In fact, it is clear that not only has Newfoundland and Labrador not been a drain on Canada. Quite the contrary — Canada has been a drain on Newfoundland and Labrador.

Consider:

Ottawa mismanaged this province’s once-lucrative cod fishery and other groundfish stocks to the point of commercial collapse. The 1992 moratorium led to the largest layoff in Canadian history (40,000 people, 30,000 of them in this province), forced tens of thousands of people to leave the province to find work and turned scores of communities into ghost towns. The loss to the provincial economy has been an estimated $600 million-$700 million a year.

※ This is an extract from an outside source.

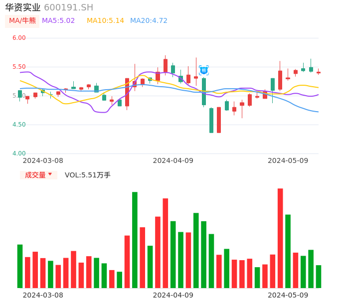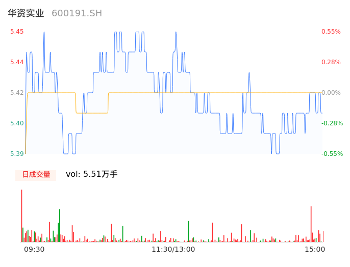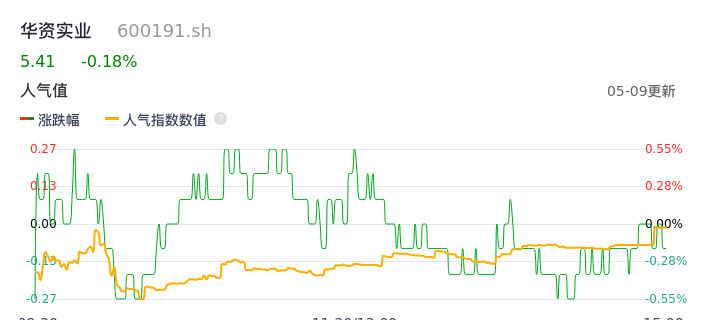 05月09日,华资实业收报5.41,股价涨幅-0.18%,成交金额2985.53万元,换手率1.14%。

• Ottawa stood idly by while Quebec cut off access to export markets for hydroelectricity from Churchill Falls, leading inevitably (since Quebec could be the only market) to a contract that enriches Quebec and tosses crumbs to the “welfare ghetto.” Newfoundland and Labrador’s loss is an estimated $1 billion a year.

• In 1984 Ottawa took possession of the continental shelf that Newfoundland brought with it into Confederation; and even though it signed the Atlantic Accord saying the province would be the “principal beneficiary” of oil and gas resources offshore, the principal beneficiary has been Ottawa.

In short, Canadian government policy (in one instance along with Quebec’s) has stripped Newfoundland and Labrador of most of the benefits of three of its major resource industries — the cod fishery, hydroelectricity and oil and gas.

So it’s hardly surprising that this province has the highest unemployment rate in the country, the highest net debt per capita (more than twice the national average) and the lowest per capita incomes.

What is surprising is that, despite all that Newfoundland and Labrador contributes to Canada, there are still those who see only a welfare ghetto or sinkhole populated by beggars.

And what is startling is that anyone — given the adverse effects of Canada’s policies on the provincial economy — could suggest, in a nearly national newspaper, that the province is richer than Ontario.



Joan Forsey, a Newfoundlander living in Toronto, has been researching and writing about Canadian economic and political affairs for more than 30 years, including seven years as a writer on the staff of the late prime minister Pierre Trudeau.